Fourteen years ago, a little boy was born. He was tiny, too small, and too early. He had almost-white, blond hair. His skin was so red, as he hadn’t had time to grow all the epidermal layers. Instead of laughter and joy in the delivery room, there was silence and fear. The mother’s heart ached, believing the worst when not one doctor or nurse bothered to tell her if she had a son or a daughter. She waited anxiously to hear a cry, which came just before the ventilator tube was pushed down her son’s throat….the smallest of cries, but still audible. She saw an impossibly small foot wave around on the warming table across the room. And then her too-small, too-soon son was whisked away to a room on another floor where he would be stabilized and prepared to move to a NICU at another hospital.

That mother spent over three months sitting by her son’s isolette and eventually,  his open crib in the NICU. She stared at him for hours on the days she couldn’t hold him. She watched him turn gray too many times to count. She slowly learned to mother a medically fragile infant, changing diapers while moving tubes and wires out of the way, figuring out his personality, his signs of distress, his cry, what made him happy and comfortable. She wept, prayed and cried by his bedside. Mostly, she wished she could take his place, take it all away from him. She promised him she would be there, good or bad. She left him every night to the care of doctors, nurses, machines. and monitors. She hated leaving. She felt so guilty leaving. She slept with the phone right next to her hand, sure the call would come from the hospital something had gone wrong. She held him through eye exams. She waited anxiously for ultrasound and x-ray results, blood draws and transfusions.  She watched as slowly, lines were removed and disappeared from his daily life. She learned to count in cc’s and milliliters rather than ounces.
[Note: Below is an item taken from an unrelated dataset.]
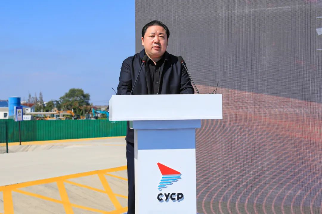 周正雄在致辭中代表集團(tuán)黨委、董事會對活動的順利舉行表示祝賀。他說,在全國上下喜迎黨的二十大勝利召開之際,舉行鹽城港集團(tuán)與南京港集團(tuán)、江蘇遠(yuǎn)洋公司簽約暨鹽城港至南京龍?zhí)陡酆骄€開航儀式,是繼去年9月28日鹽城港與省港口集團(tuán)簽約并開通對韓直達(dá)航線以來的又一重要時(shí)刻,標(biāo)志著鹽城港與省港各兄弟單位之間關(guān)系更緊、合作更密、友誼更深,將進(jìn)一步助推鹽城港在勇當(dāng)沿海地區(qū)高質(zhì)量發(fā)展排頭兵進(jìn)程中勇立潮頭、奮楫爭先。今天,鹽城港再次與業(yè)內(nèi)知名、省內(nèi)重要的港航企業(yè)南京港集團(tuán)、江蘇遠(yuǎn)洋公司攜手合作,正式開通至南京龍?zhí)陡奂b箱航線,這是認(rèn)真落實(shí)省、市委關(guān)于深入推進(jìn)沿海發(fā)展決策部署的一項(xiàng)有效舉措,將有力助推我省港口物流業(yè)實(shí)現(xiàn)南北聯(lián)動、資源共享、優(yōu)勢互補(bǔ),構(gòu)建一條江蘇南北經(jīng)濟(jì)發(fā)展的融合新通道,加快長江經(jīng)濟(jì)帶與淮河生態(tài)經(jīng)濟(jì)帶之間的交流互通。下一步,鹽城港將持續(xù)強(qiáng)化與省港兄弟單位之間更加深入的務(wù)實(shí)合作,切實(shí)按照《江蘇沿海地區(qū)發(fā)展規(guī)劃》的明確要求,暢通面向淮河中上游地區(qū)的河海聯(lián)動大通道,著力打造綠色、生態(tài)、智慧、平安、美麗的沿淮河生態(tài)經(jīng)濟(jì)帶和環(huán)黃海生態(tài)經(jīng)濟(jì)圈“一帶一圈”重要節(jié)點(diǎn)樞紐港,為全省“勇挑大梁”貢獻(xiàn)更多港口力量。
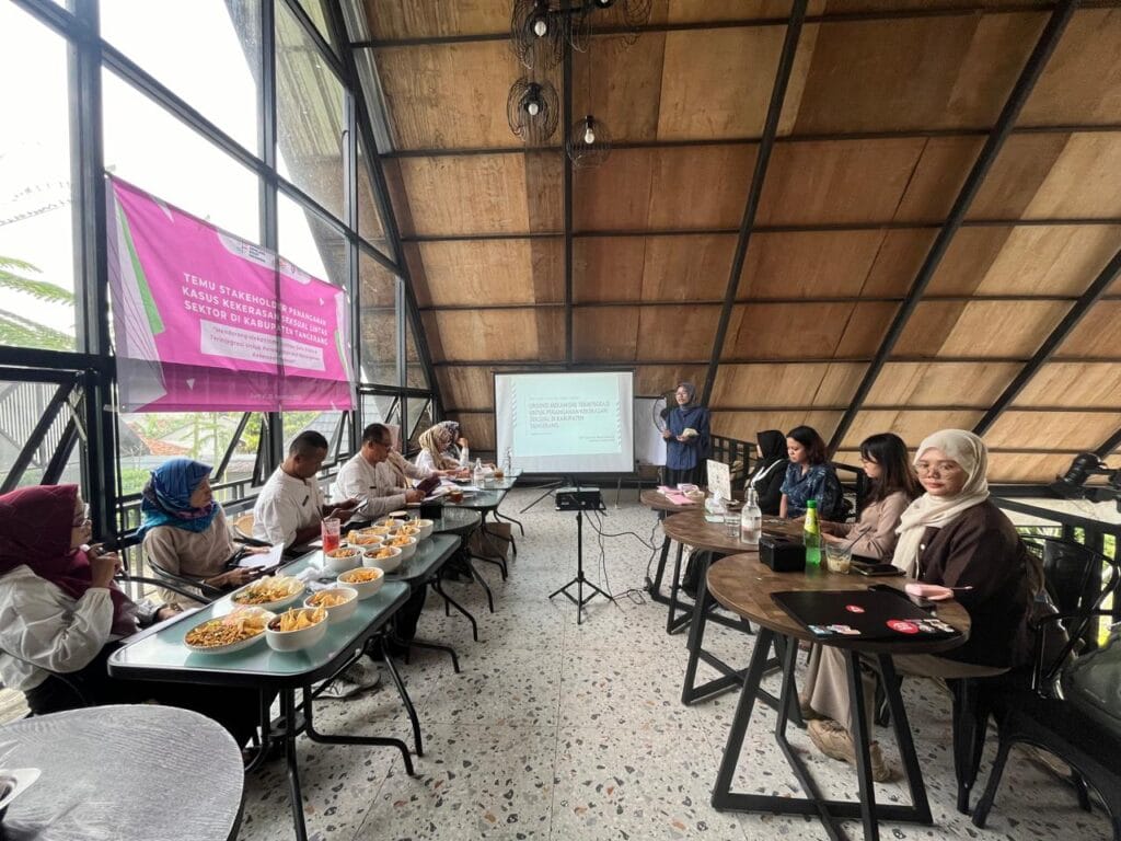 Lingkar Studi Feminis mengadakan temu pemangku kepentingan dengan organisasi pemerintah daerah di Kabupaten Tangerang dan titik fokus jaringan orang muda di Banten untuk mendorong mekanisme layanan terintegrasi dan penanganan kekerasan seksual di wilayah Kabupaten Tangerang yang bertempat di The Campus Resto, Tigaraksa, Kabupaten Tangerang, Jum’at (15/08/2025).

She celebrated every gram gained, anguished over any lost. She lived for the moments she could hold him, skin-to-skin, and watch his heart rate and oxygen levels settle. She longed, every day, to be a “real” mom, to take her son home. She cried nightly by his empty crib in his empty room in their empty house.

And then one day, 93 days after his birth, she and her husband brought their precious son home. She pushed those fears and memories down in her heart. She put away the things that reminded her of their time in the NICU. And then one day, years later, there was a song that took her instantly back to those days, months of sitting next to his bedside. She had to pull over to the side of the road as an ugly cry took over her vision. That was was Permanent by David Cook. Just the words, “Is there someway for me to take his place,” “I wish I could make it go away,” “I’m permanent,” “Is this the moment where I look you in the eye, Forgive my promise that you’ll never see me cry”……they just said it. They said so much of what she felt during those months, and even the years that followed when he had to work so hard to catch up.

That boy is fourteen years old today. She stares at this boy, who is nearly as tall as she, and struggles to match him with that too-small, too-soon baby. She cries over his achievements, so grateful for his life. She loves that he still allows her to hug him. She prays with all her heart he will never in any way remember any of those 93 days.

Happy Birthday my Big Man. It’s a blessing to watch you grow up.